> _TASK DIRECTIONS_: Drop every picture. Then return, exactly, the lines from the beginning of the listing below through the one containing "de dimensiuni mari;".
BEGIN EXERCISE INPUT
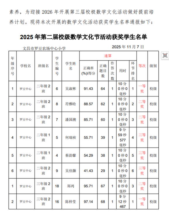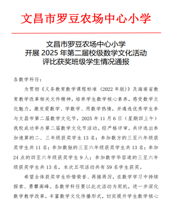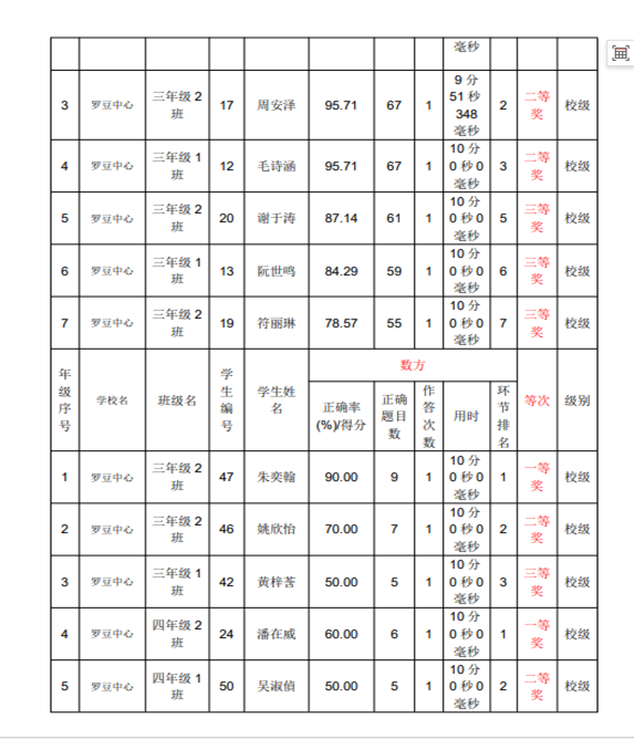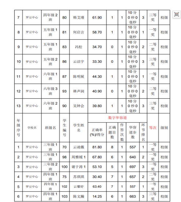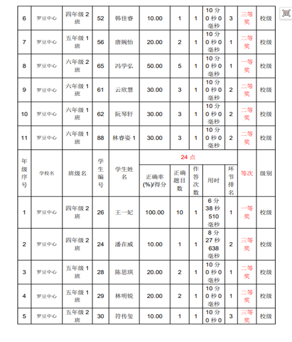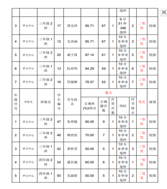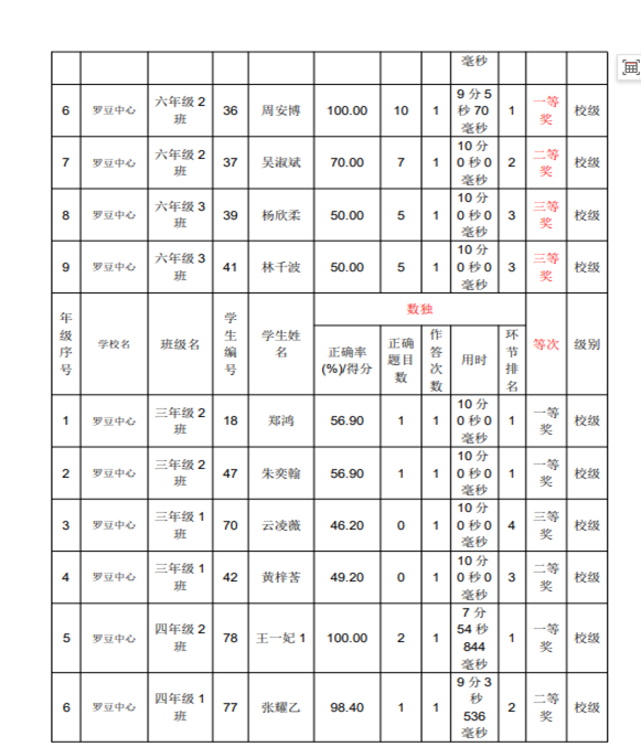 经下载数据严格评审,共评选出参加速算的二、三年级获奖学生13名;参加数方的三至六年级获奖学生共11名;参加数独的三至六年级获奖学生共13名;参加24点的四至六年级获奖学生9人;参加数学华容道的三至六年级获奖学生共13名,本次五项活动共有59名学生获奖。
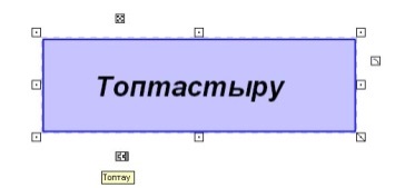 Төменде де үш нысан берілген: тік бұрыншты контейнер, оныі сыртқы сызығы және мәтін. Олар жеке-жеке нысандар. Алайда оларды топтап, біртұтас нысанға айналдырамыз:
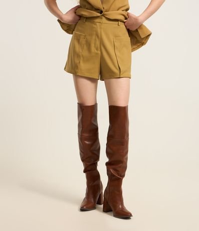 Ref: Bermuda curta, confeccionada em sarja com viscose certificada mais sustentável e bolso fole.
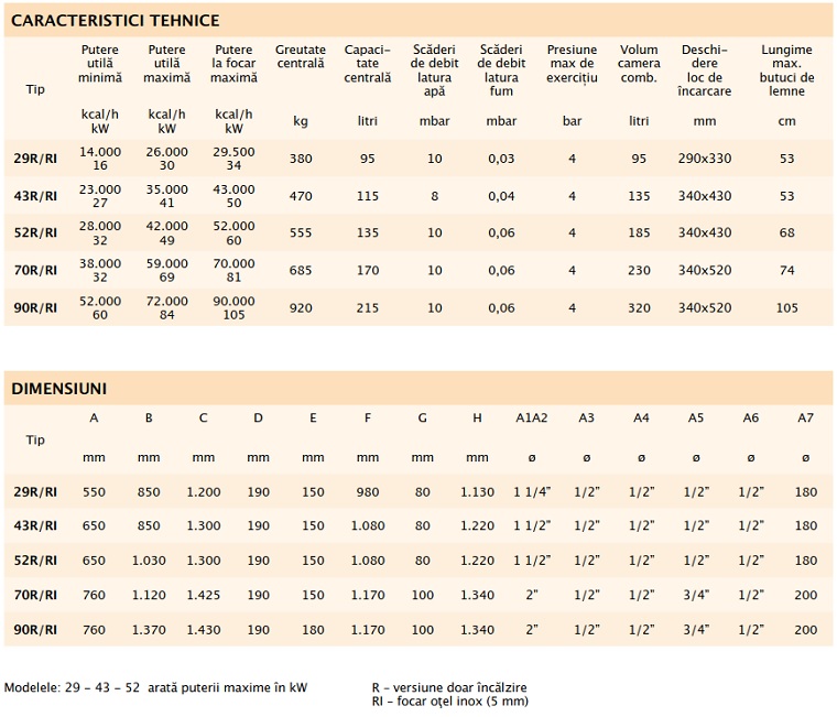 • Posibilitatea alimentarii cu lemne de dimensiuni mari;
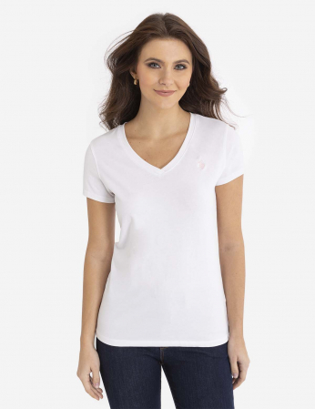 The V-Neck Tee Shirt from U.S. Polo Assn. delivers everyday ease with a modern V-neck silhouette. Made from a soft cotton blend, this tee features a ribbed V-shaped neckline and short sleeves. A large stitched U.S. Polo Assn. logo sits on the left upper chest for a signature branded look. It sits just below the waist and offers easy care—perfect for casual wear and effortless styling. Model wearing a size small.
END EXERCISE INPUT
> _RESULT FOR THIS TASK_:
 经下载数据严格评审,共评选出参加速算的二、三年级获奖学生13名;参加数方的三至六年级获奖学生共11名;参加数独的三至六年级获奖学生共13名;参加24点的四至六年级获奖学生9人;参加数学华容道的三至六年级获奖学生共13名,本次五项活动共有59名学生获奖。
 Төменде де үш нысан берілген: тік бұрыншты контейнер, оныі сыртқы сызығы және мәтін. Олар жеке-жеке нысандар. Алайда оларды топтап, біртұтас нысанға айналдырамыз:
 Ref: Bermuda curta, confeccionada em sarja com viscose certificada mais sustentável e bolso fole.
 • Posibilitatea alimentarii cu lemne de dimensiuni mari;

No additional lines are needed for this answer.